## Exercise objective
Please write out every line of the material, leaving out any picture.

## Data below
*** Begin section ***

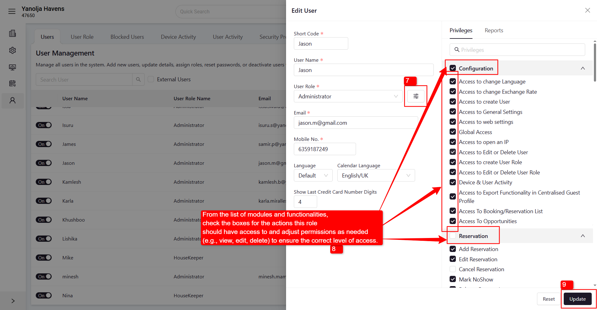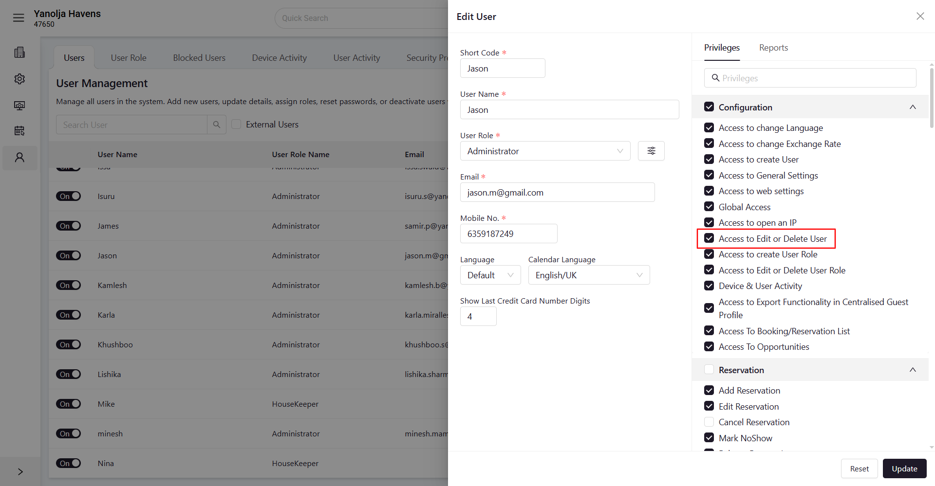 You can edit user privileges based on the roles and functions assigned to that user in the PMS System. Only users with proper rights can modify other users' privileges.
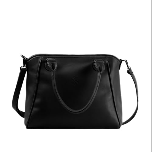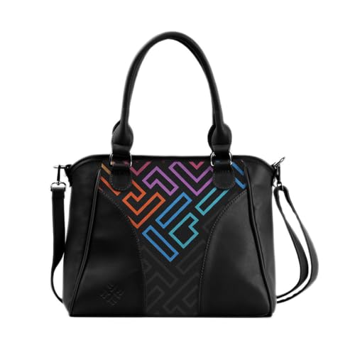 Generic - Ladies Leather Handbag with Geometric Rainbow Pattern, Black Satchel with Shoulder Strap
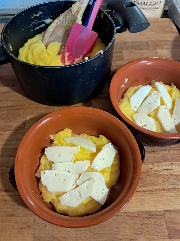 Ajoutez 2/3 cuillères de polenta, nivelez-la grossièrement et ajoutez des tranches de tome.

*** End section ***

## Result
 You can edit user privileges based on the roles and functions assigned to that user in the PMS System. Only users with proper rights can modify other users' privileges.
 Generic - Ladies Leather Handbag with Geometric Rainbow Pattern, Black Satchel with Shoulder Strap
 Ajoutez 2/3 cuillères de polenta, nivelez-la grossièrement et ajoutez des tranches de tome.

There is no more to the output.